Find topics, journeys and posts

back to blog
ai mlintermediate 12m2026-06-09

Transformers Part 1 — Attention, Q/K/V, Multi-Head

Session 1 of the 48-session learning series.

Date: Wed, 2026-06-10 · Time: 18:00–20:00 IST · Track: 🧠 LLMs & Agents (LLM) · Parent 28-day topic: Day 01 · Est. read: 2 h

Why this session matters

This is Session 01 of 48 in the LLMs & Agents track. It builds on the rhythm of one focused topic, paced so you have time to actually absorb it rather than rush.

Agenda

  • Why transformers won — recurrence vs attention
  • The residual stream — a fixed-width bus every block reads and writes
  • Self-attention as soft routing — Q, K, V and the √d_k trick
  • Multi-head attention — running h heads in parallel, head specialisation
  • What we'll layer on next session (RoPE, MLP, LayerNorm, KV cache)
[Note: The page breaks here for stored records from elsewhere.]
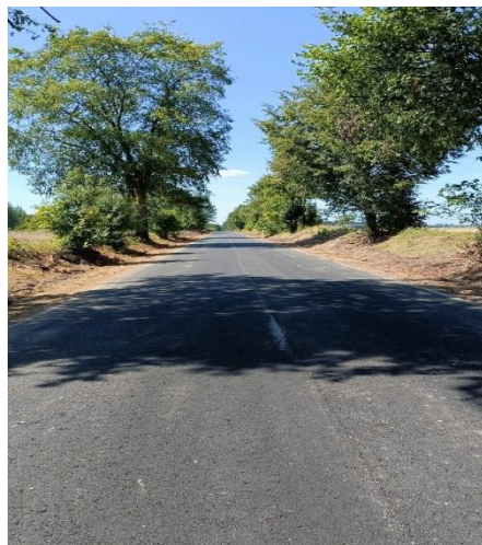
Droga powiatowa nr 2012W Chybów - Litewniki Stare - Walim - Nowa Kornica
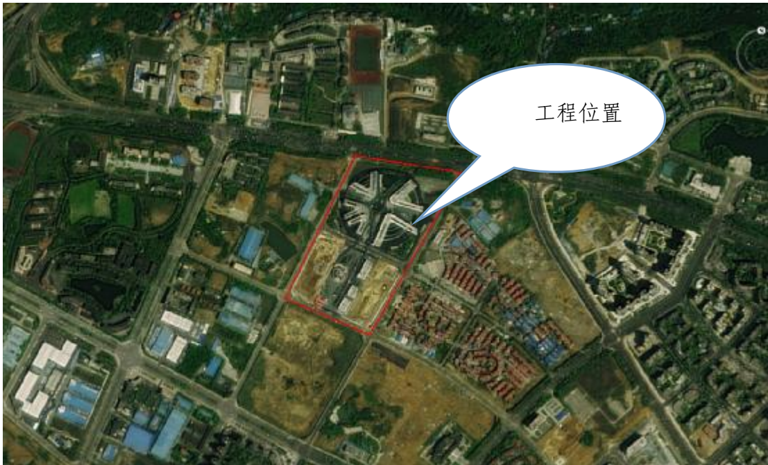
图 1.1-1 工程区地理位置

科技城创新中心位于绵阳市九州大道中段，地理坐标为 N31^{\circ} 29' 32'' ， E104^{\circ} 41' 34'' 。项目分为四期建设，一期项目位于二三四期东面约 300m，与二三四期项目不在同一地块内。二三四期项目作为整体统一规划和设计，整个地块项目分三期建设。工程区位于绵阳市城区范围内，四面均有已建市政道路，交通便利。
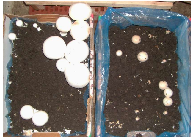
energetisiert nicht energetisiert

- Gemüse / Gartenbau - Ähnliche Phänomene konnte ich mit Radieschen und Salat feststellen. In die Saatreihe der Radieschen wurde zusätzlich ganz dünn energetisierter Quarzsand mit eingestreut. Die Radieschen (Riesenbutter) wurden 4 - 4.6 cm groß und ihrem Namen gerecht. Nämlich riesig, butterzart und nicht holzig.
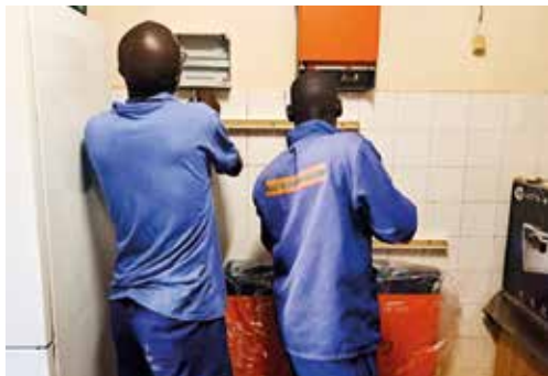
Monteurs zorgen dat alles functioneert.

voedsel. Volgen nog enkele foto's van alles wat we hebben kunnen realiseren dankzij uw steun! Wees verzekerd van ons gebed voor u allen.
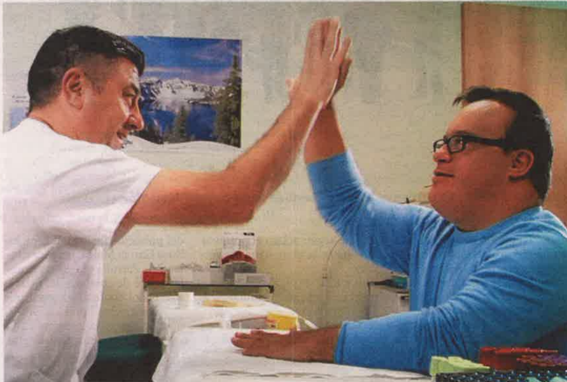
Fotogramas de 'Mi amigo doctor' y el cinecuento 'Despistes y aciertos'. TERAPIAS AUDIOVISUALES
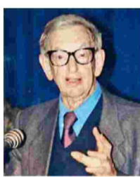
Ο Χορμισμπόουμ μάς υπενθυμίζει πόσο όμοιος είναι ο σημερινός παγκοσμιοποιημένος καπιταλιστικός κόσμος με τον καπιταλισμό που έβλεπαν ο Μαρξ και ο Εγγέλς, ήδη από το 1848.

Βέβαια, ο τίτλος του βιβλίου του Χορμισμπόουμ παραπέμπει στην 11η θέση του Μαρξ για τον Φόιερμπαχ: «Οι φιλόσοφοι δεν έκαναν τίποτε άλλο παρά να εξηγούν τον κόσμο με τον
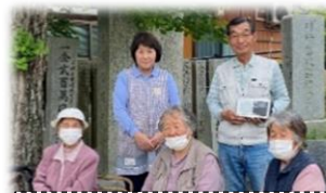
調査に協力いただいた皆さん

先月は「かみかまラジオ」のラジオスポットを探すため、島内のあちこちで無線を飛ばしていました！頑張って準備した機材や音源を皆さんに届けられそうなので、ほっと一安心しています。
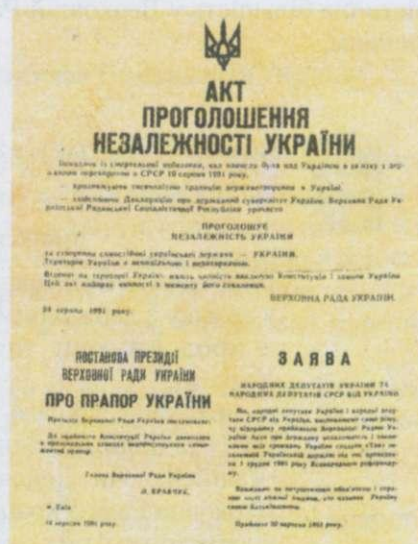
Акт проголошення незалежності України

Після поразки заколотників, які намагалися здійснити державний переворот, склалися сприятливі умови для здобуття Україною незалежності. 24 серпня 1991 р. була скликана позачергова сесія Верховної Ради УРСР, яка прийняла документ виняткової історичної ваги — Акт проголошення незалежності України . За проголошення незалежності проголосували 346 народних депутатів, проти — 4. Під впливом поразки заколотників за акт проголосувала також значна частина депутатів-комуністів. Результати голосування депутати зустріли бурхливими оплесками, у залі панував урочистий і піднесений настрій. З прийняттям цього доленосного документа Українська Радянська Соціалістична Республіка перестала існувати. У світі з'явилася нова держава — Україна.
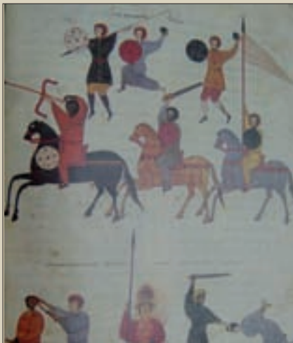
FIG. 6.- Visión del profeta Daniel. Conquista de Jerusalén. Nabucodonosor ciega al rey Sedecías y decapita a sus hijos.
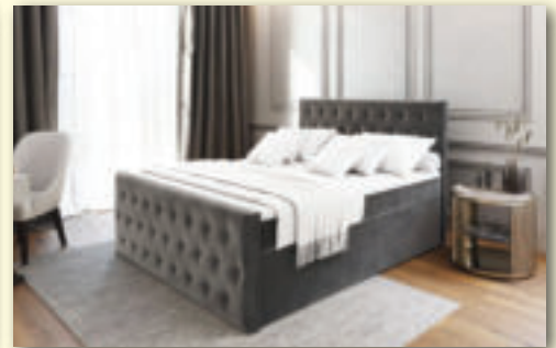
Vysoké posteľ od 140 cm do 200 cm CENA od 610 €
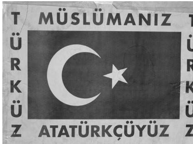
Yazar tarafından Temmuz 2005'te Bursa'nın Emirhan mahallesinde çekilen bu resim, kimi Türk vatandaşlarının Müslümanlığı kimliklerinin ayrılmaz bir parçası olarak
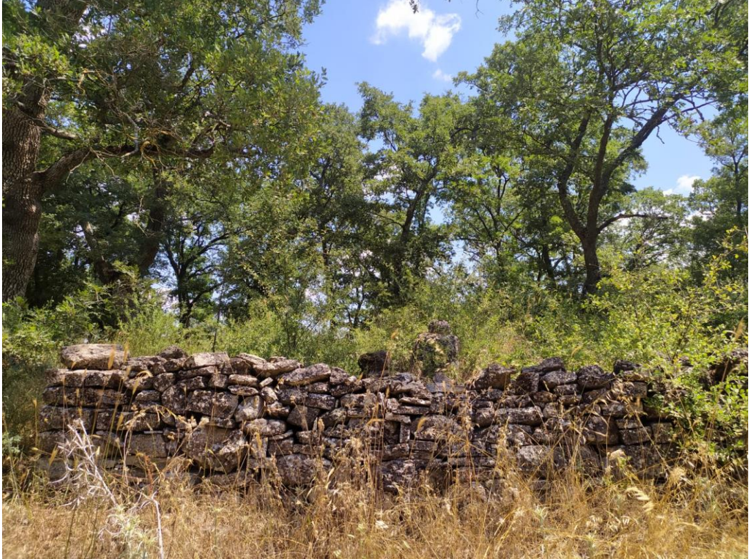
Fotoğraf 24: Sögütçük Mahallesi'nde Mezarlıkta Bulunan Muhammet Dede ve Ümmet Dede Yatırları
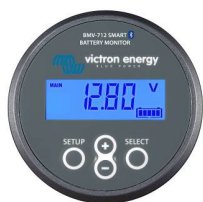
Détection Bluetooth BMV-712 Smart Battery Monitor

Pre-read (skim before the session)

Deep dive

1. Why transformers won

Before 2017, sequence models meant recurrence (LSTM, GRU): read tokens one at a time, carry a hidden state. Two killers:

  1. Sequential dependency. You can't compute step t before step t-1. GPUs are massively parallel — RNNs leave most of the silicon idle.
  2. Long-range decay. By token 500, the gradient signal from token 1 is vanishing (or exploding). Gating helped, didn't solve it.

The transformer replaced recurrence with attention: every position computes a weighted sum over every other position in one matrix multiply. The whole sequence is processed in parallel; any position can look at any other in O(1) hops. The price: O(T²) attention cost — most modern engineering is about paying less of that price (FlashAttention, GQA, sliding windows, linear attention).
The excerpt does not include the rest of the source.